Not only does an owner moving into a new role at a larger acquiring company have to learn the art of the push-pull leadership of middle management, there are also new layers of bureaucracy that may take time to get used to. For example, taking part in frequent meetings may be a new habit that a small business owner might not have had to deal with in the past.
"I never had meetings before, when I owned my own business. If I had a meeting it was because I was upset, and I was bringing people in to really discuss what they're doing wrong and how we can correct it," says Bill Crowsey, vice president of branch operations for the Dallas branch of the national firm ClearPointe. "But when you have a 100-employee company you're working with and the org chart is a little deeper, meetings are just a must to make sure that communication is there and we're all working on the same page. I did have to get used to it but I don't mind it."
Crowsey has been working for ClearPointe since the company purchased his managed service provider business Tech Watch in 2009. He says that successful transition is not so much of a challenge as it is a shift in mental paradigm. He says he chose his acquirer because of his confidence in the leaders who would eventually become his boss. So the potential for friction there wasn't an issue so much as was learning to deal with the limits on flexibility in wheeling and dealing that he used to have as an owner.

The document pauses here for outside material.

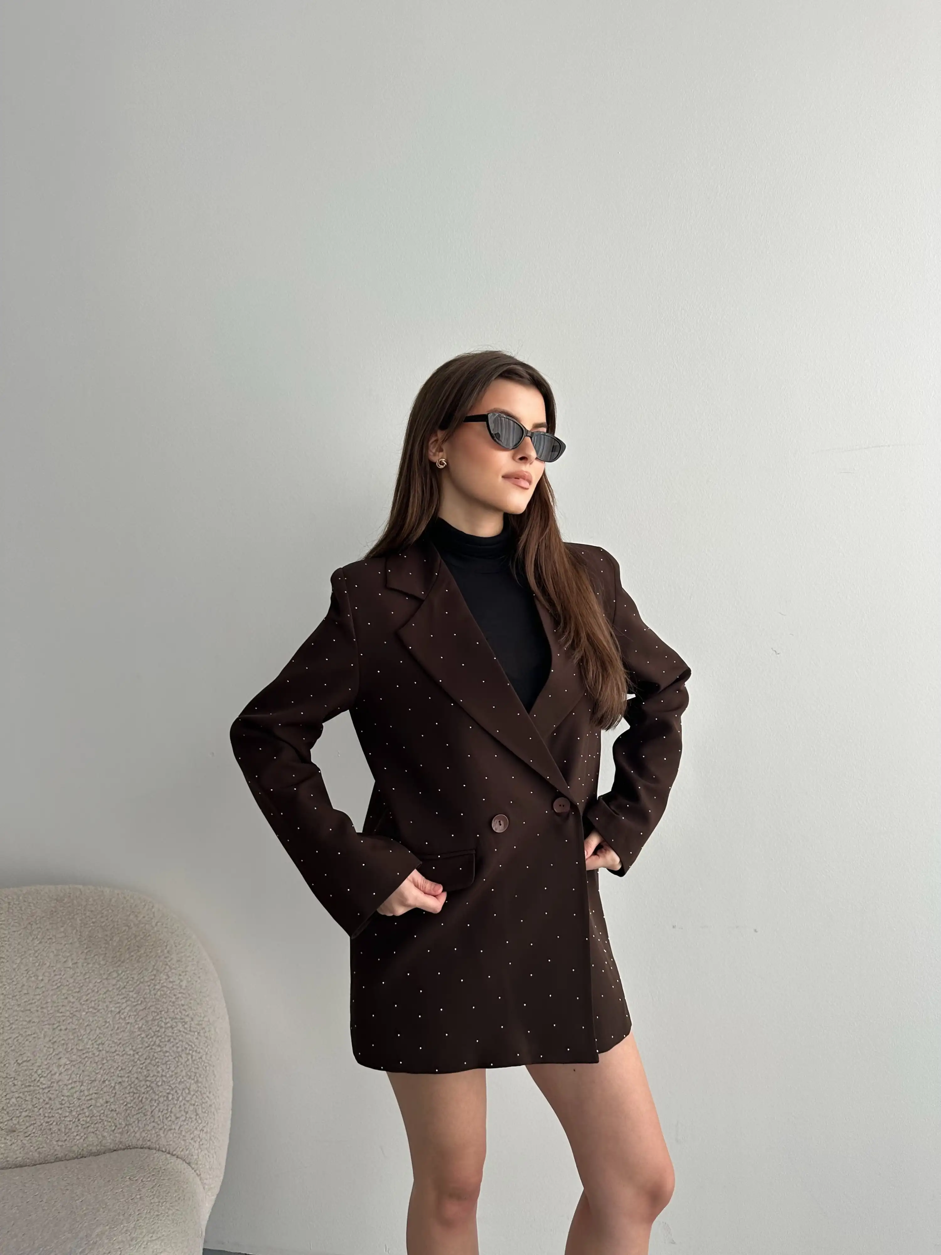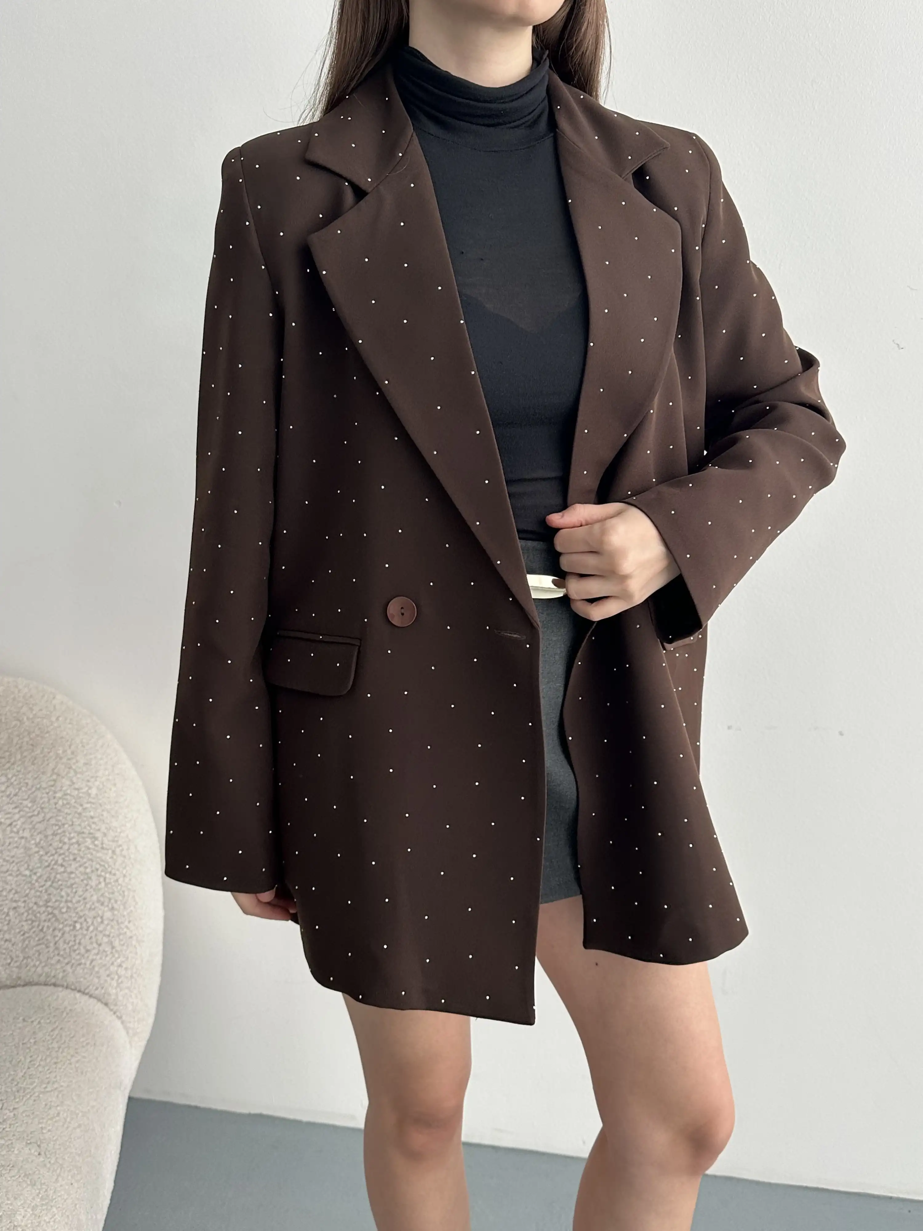 TAŞ İŞLEMELİ ASTARLI BLAZER CEKET-KAHVE

"When I owned my own business, doing anything visionary or anything different was just a matter of me thinking and concocting different deals and different services. I could explore different vendors I could partner with to bring new services to my clients. All of that was in my bailiwick," Crowsey says. "Now as part of an organization that's much larger, I can't just go out and broker relationships direct with vendors. It's not in the best interest of ClearPointe to have those relationships scattered around different branches."
Not only should owners considering a buy-out and a move to the new company keep this in mind, they must also remember they won't have the same flexible schedule that can be the hallmark of running one's own shop. Ford for one doesn't coach his son's baseball teams anymore.
"The lack of freedom is a little bit hard to deal with because one of the reasons I built my company in the first place was more of a lifestyle decision than anything," he says. "I think you'll find that 90 percent of the people that call themselves entrepreneurs didn't start out to be entrepreneurs, they started off to have that freedom."
Of course, there are also benefits of a set schedule, he notes. For one, he is now able to take weekends and vacations completely off, a rarity in the ownership days.
Given the adjustments that will need to be made, veterans of the post-acquisition transition such as Crowsey and Ford say that owners should not only think closely about the business valuation details but also about the personality fit between them and their new organization.
"Don't get caught up in just the financial side of the transaction," Crowsey says. "Look very closely at who you're going to be working with for possibly anywhere between the next 2 to 5 years --that's the type of commitment you're most likely going to need to make. You've got to have joy in your work and if you get into a situation where you came out well financially but you dread going to work every day, then at the end of the day it is not something you'll want."
He personally had seen many of his former business owner colleagues go through an acquisition and post-buy-out angst enough to be cautious when it came time to sell his business. He visited the acquiring leadership's homes, brought his wife to meet their wives and spent a good deal of time thinking carefully about whether he could see himself working for them for years to come.
"If you can't see yourself in the future with the company acquiring you then you better get enough money up front to sign off -- but that usually doesn't happen," Crowsey says. "So my recommendation is to find out your role in your organization and makes sure both you and the company acquiring you agrees on what would be your strong suit."